Thomas Melvill to Thomas Jefferson, 10 January 1816
From Thomas Melvill
Pittsfield January 10. 1816.
Sir
As a feeble testimony of admiration of your public character, & private virtues, the Berkshire Agricultural Society has instructed me, to transmit to you, a Diploma of Honorary Member thereof. And to express to you at the same time, that we should consider ourselves highly honored for any communications on the important subjects, which we are Zealous to promote, as the firmest basis of our national independence.

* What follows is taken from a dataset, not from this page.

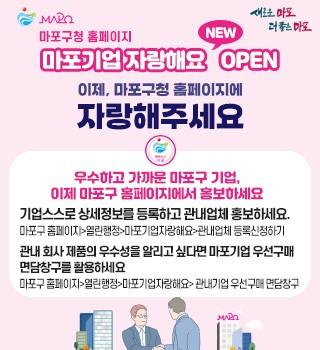 마포구(구청장 박강수)는 경기 침체의 지속화로 많은 어려움을 겪고 있는 관내 중소기업 업체를 보호하고 지역경제 활성화를 도모하기 위해 마포구청 누리집에 `마포기업 자랑해요` 게시판을 신설했다.

I feel myself peculiarly happy in this occasion, to offer to one of the sages of our beloved Country, an assurance of the high Consideration, with which I have the honor to be
Tho Melvill |
Presdt |
RC (NChazyM); endorsed by TJ as a letter from Melvill, “(Pr. Agr. soc. Berksh.),” received 27 Jan. 1816 and so recorded in SJL. This document, located after the pertinent chronological volume was published, will appear in the concluding supplement to the print edition. Enclosure: TJ’s Membership Diploma in the Berkshire Agricultural Society, 24 Oct. 1815 (MS in MHi; printed text, with TJ’s name, address, appointment as “Honorary Member,” and date filled in by Melvill; signed by Melvill as president and William C. Jarvis as recording secretary).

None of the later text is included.